Playing Daily Fantasy Sports With Your Kids? ESPN Article Raises Questions About Gambling

September 23, 2015
Playing Daily Fantasy Sports With Your Kids? ESPN Article Raises Questions About Gambling

There is a debate raging in the gaming world when it comes to daily fantasy sports over whether DFS is gambling. The technical answer to this question depends on what state you’re in, as some states consider DFS contests gambling, while other states’ laws seem to designate DFS contests as a skill-based game and therefore not gambling.

However, on a visceral level, the vast majority of people would quickly place DFS in the gambling column without a second thought. As MGM Resorts CEO Jim Murren stated in an interview with News3LV, “But who in the world thinks that FanDuel or DraftKings — who’s going to tell me that’s not gambling? Of course it’s gambling.”

This opinion extends far beyond Murren and casino executives.

Look no further than the reaction to a recent ESPNW column where the author details his weekly practice of playing real-money DFS with his nine-year-old son. If social media is any guide, even hardcore gamblers and poker players seem to be questioning this decision.

The general reaction to that article is also telling, as it appears to be a clear indication that many people feel DFS is indeed gambling. Had the author said he was playing $1 online chess or backgammon games with his son, I doubt it would raise too many eyebrows.

I don’t want to cast aspersions on the author’s decision to play DFS with his son (that’s an activity other people can engage in), considering I’ve taught my boys the rudimentary rules of draw poker, although we play for chips, not money.

That being said, I do have some serious misgivings about the article.

The big problem the article creates

So, let’s ignore the moral and ethical objections people have to children and gambling.

Let’s also forget the fact the author is breaking the terms and conditions of whatever DFS site he is using, as all DFS sites require a person to be at least 18 years of age, and in some places older. If DFS were regulated, such as online poker is in New Jersey, this father could be brought up on charges for allowing his son to participate in these contests.

The real problem many DFS players and legal gambling advocates like myself have with the column is that the anti-online gambling crowd could leverage this story and use it to further their agenda. It has turned the possible (underage children will be able to gamble online) into a reality, and at the same time the article probably caused some consternation for executives at DFS sites FanDuel and DraftKings.

Is DFS gambling?

For instance, lines such as, “But when he got his first taste of daily fantasy sports this spring during the NBA playoffs, he was hooked…” seem to be taken right out of a Gamblers Anonymous speech. (In fact, GA may add fantasy sports to its book.)

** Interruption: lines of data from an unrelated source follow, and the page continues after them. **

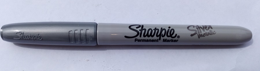 Silver Sharpie Pen. This pen gives a 1mm silver line. Use it to mark and draw on dark coloured glass.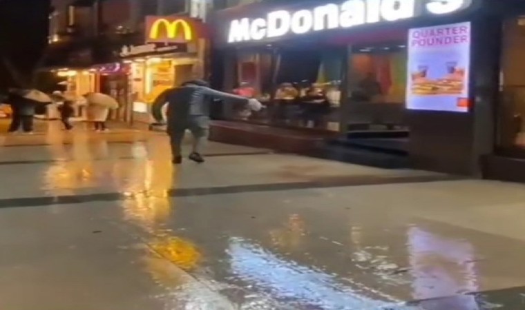 Olay hafta sonu Sultanahmet’te yaşandı. Edinilen bilgiye göre, hayvana ait olduğu öğrenilen kanı pet şişeye dolduran bir grup genç, bir fast food restoranın önüne geldi. İsrail’i protesto etmek için şişedeki kanı restoranın önüne döken grup daha sonra ise Taksim’e geçti. Buradaki bir giyim mağazasının önüne gelen grup, yanlarında getirdikleri kefene sarılı bebek maketlerini oraya bırakarak Taksim’den ayrıldı.
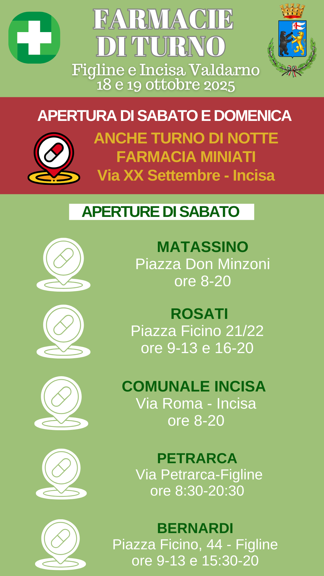 Ecco di seguito le farmacie di turno aperte il fine settimana del 18 e 19Â ottobre a Figline e Incisa Valdarno.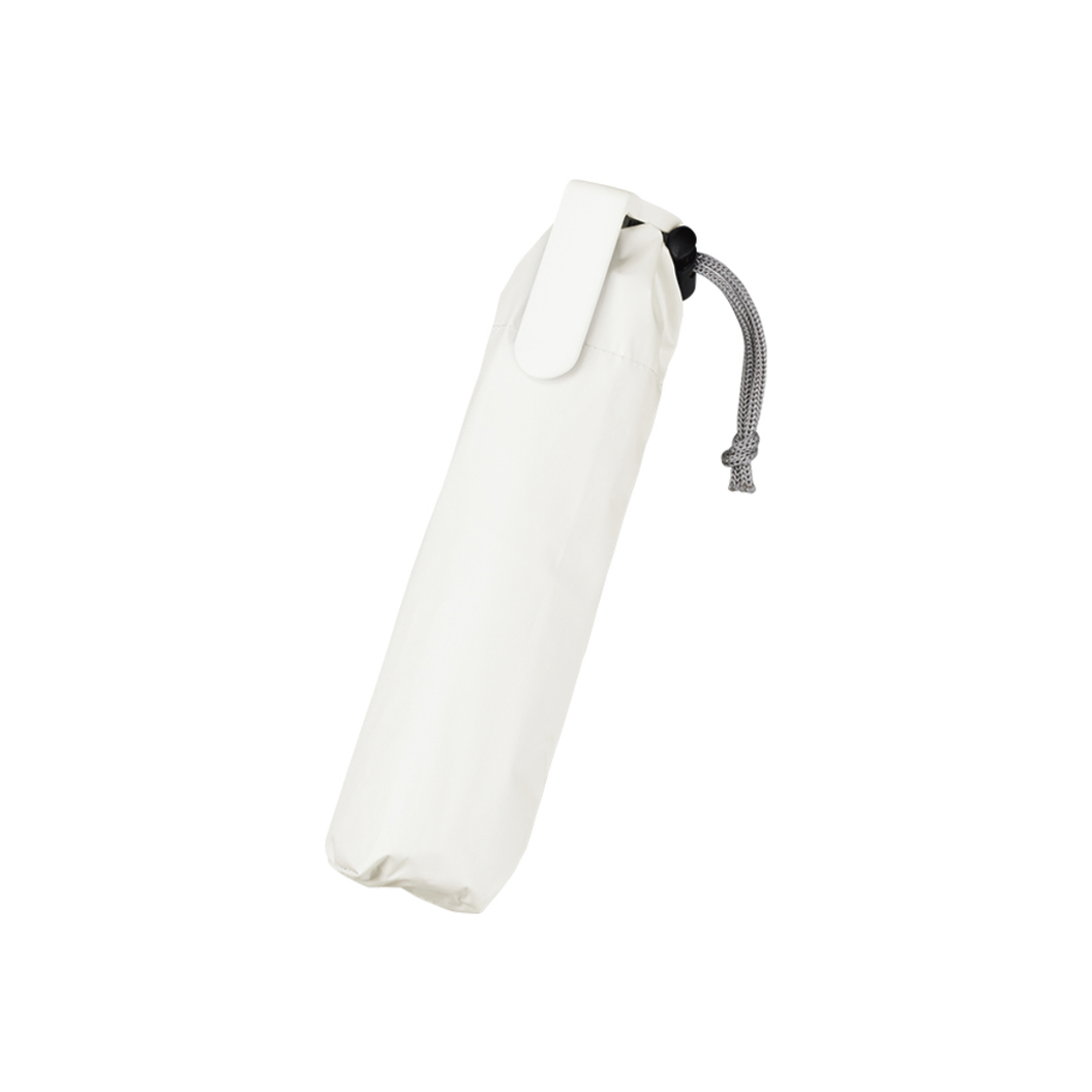 お問い合わせフォームはこちら遮光率100%、UVカット率100%、UPF評価50+、撥水加工生地使用! 約160gと軽量かつスリムボディで、クリップ形状ハンドルが特徴の遮光折りたたみ傘です。 クリップ部分をバッグなどに掛けて持ち運ぶことができ、またハンドルの内側には滑り止めもついているため、テーブルなどにひっかけることもできます。 さらに石突の面積を大きくしたことで自立も可能です。 巾着型の傘袋はストッパー付きなので紛失の心配もありません。 クリップ部分は全面フルカラー印刷が可能なため販促効果もばっちりです。 傘本体パネル、傘袋、幅広のベルトにもそれぞれ印刷が可能で、オリジナリティの高いアイテムをご提案いただけます。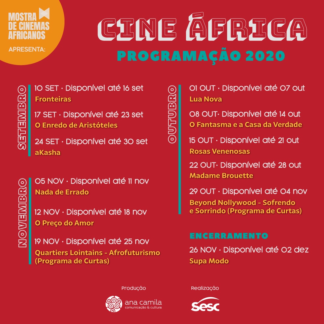 Entre os meses de setembro e novembro, a Mostra de Cinemas Africanos apresenta a nova edição do Cine África, com vários títulos de ficção e documentários, alguns inéditos no Brasil. O projeto online e gratuito traz 12 sessões (dez longas e dois programas de curtas) – todos legendados em português – com filmes de destaque de Burkina Faso, Camarões, Egito, Etiópia, Nigéria, Quênia, Senegal e Sudão, e outras atividades. As exibições serão realizadas no site da plataforma Sesc Digital. O Cine África é uma realização do Sesc São Paulo. Maiores informações no site mostradecinemasafricanos.com.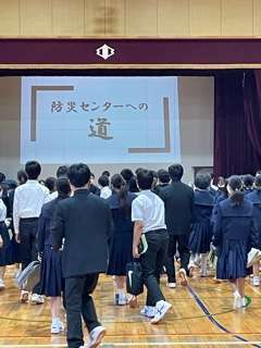 校外学習で人と防災未来センターに行きます。班の列を組んだり電車に乗る時の並び方、マナーなどの諸注意を行いました。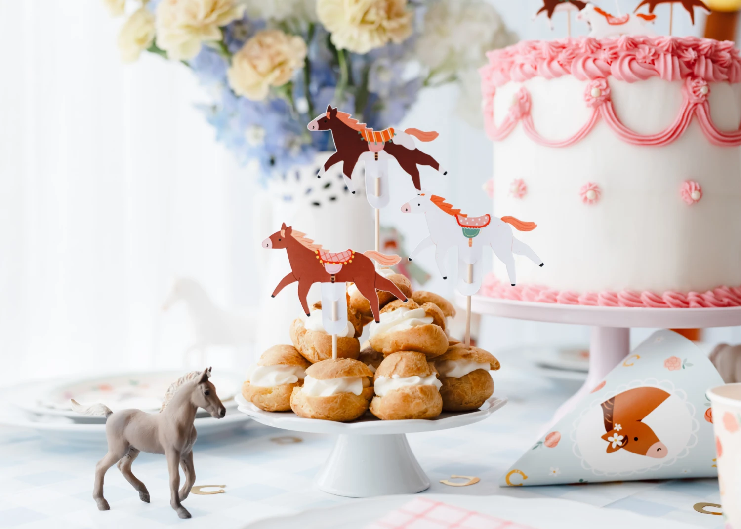 Gallop into cake decorating fun with Horse Cake Toppers! This pack of six cake toppers features sturdy wooden picks and paper cutouts of brown, white, and quarter-horses, each with a pre-cut slot for easy assembly. Slip the horses onto the wooden sticks to decorate a birthday cake, donuts, or any sweet treat with equestrian flair. Whether you’re hosting an “Off Two the Races” horse birthday party, a Kentucky Derby party, or any saddle-up celebration for your little pony enthusiast, these horse toppers will gallop straight into everyone’s hearts.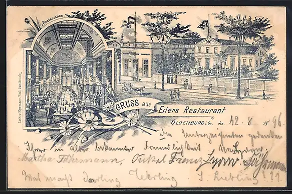 Lithographie Oldenburg i. Gr., Eiler`s Restaurant mit Innenansicht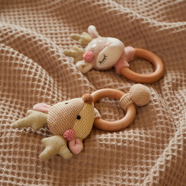 Oh, wie süß! Diese Rasselsöckchen mit den niedlichen Koala-Figuren werden nicht nur die Herzen aller Eltern höher schlagen lassen, sondern auch dein Baby begeistern. Jedes Strampeln wird mit einem fröhlichen Rasselgeruch belohnt - das fördert spielerisch die Sinne und die Motorik deines Kleinen!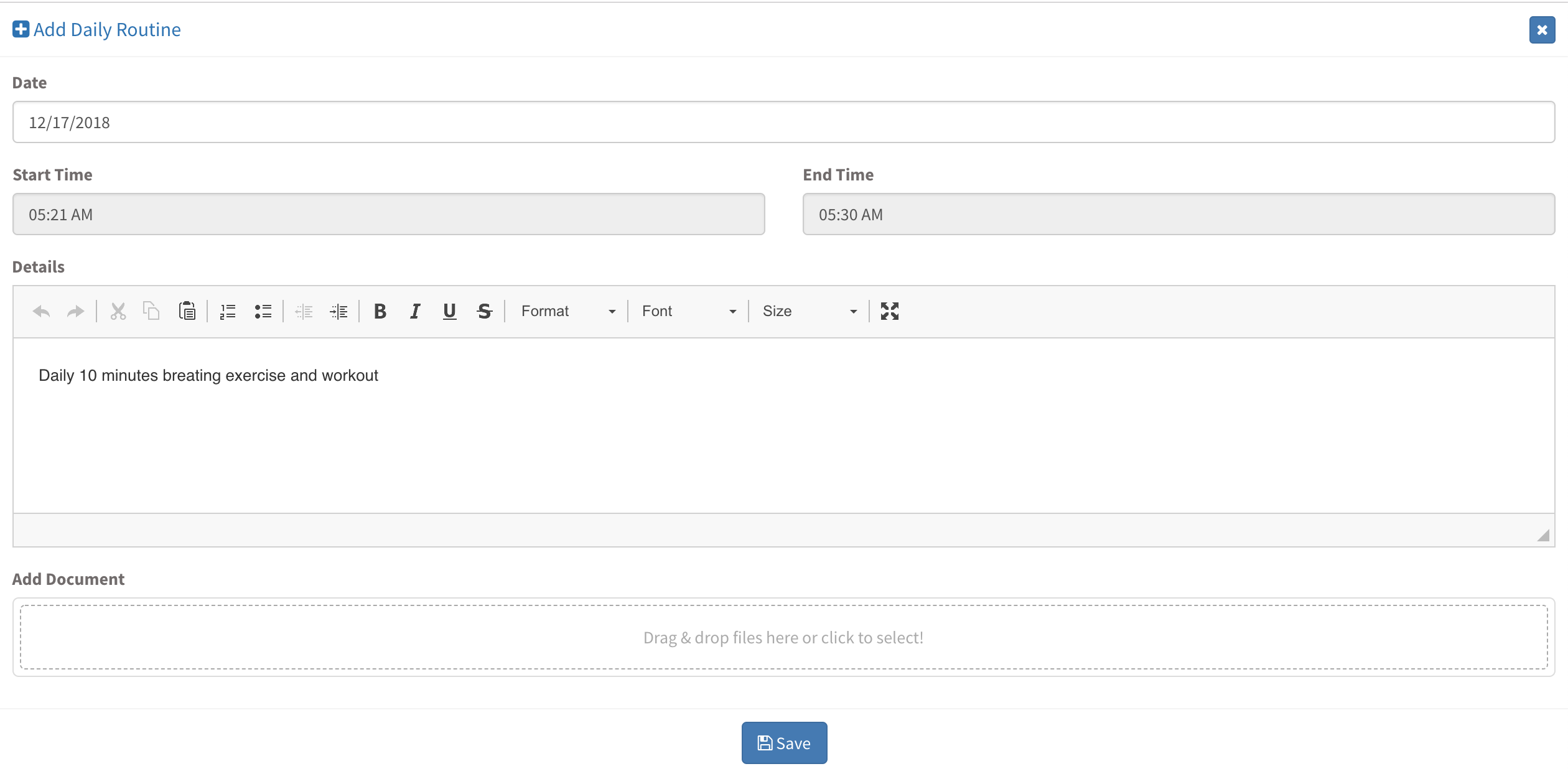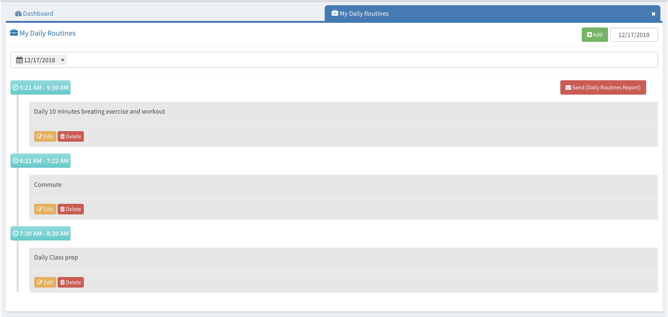To add a routine, click on +Add button located on the right side of the screen and fill in information.

In addition to setting the legalization discussion back, this is the kind of image DFS companies don’t want people to conjure in their minds when they think of daily fantasy sports. Yet here is ESPNW, essentially promoting the idea of a father and a son wagering money on DFS contests together, and looking at it as the new “playing catch.”

The image of a child “hooked” on fantasy sports, anxiously watching football on a Sunday and fretting over his fantasy lineup should be troubling to anyone, whether or not they are pro- or anti-gambling. This article is quite literally the outlier scenario that Newsweek created in their anti-online gaming piece last year, complete with the image of a nine-year-old boy gambling online, only instead of poker, it’s DFS. And to top it all off, we have a parent encouraging this behavior.

Furthermore, the author’s justification for teaching his son how to play DFS has nothing to do with the “DFS isn’t really gambling” debate. At one point in the column, the author describes how he internally weighed the perceived positive aspects of playing DFS with his son and the potential negative aspects of teaching his child how to wager money on sports, as he wondered: “What if I am planting the seed for a future gambling problem as an adult?”

When someone willing to teach their nine-year-old the ins and outs of selecting a DFS lineup can’t avoid drawing parallels between DFS and traditional gambling, it’s time to reevaluate how we categorize DFS.

The creation of such a vivid image, a child playing daily fantasy sports for money, could do a whole lot of harm to DFS’ efforts to avoid the gambling designation. It could also have far-reaching effects on online gambling in general, particularly if the anti-online gambling crowd starts lumping DFS in with other forms of online gambling.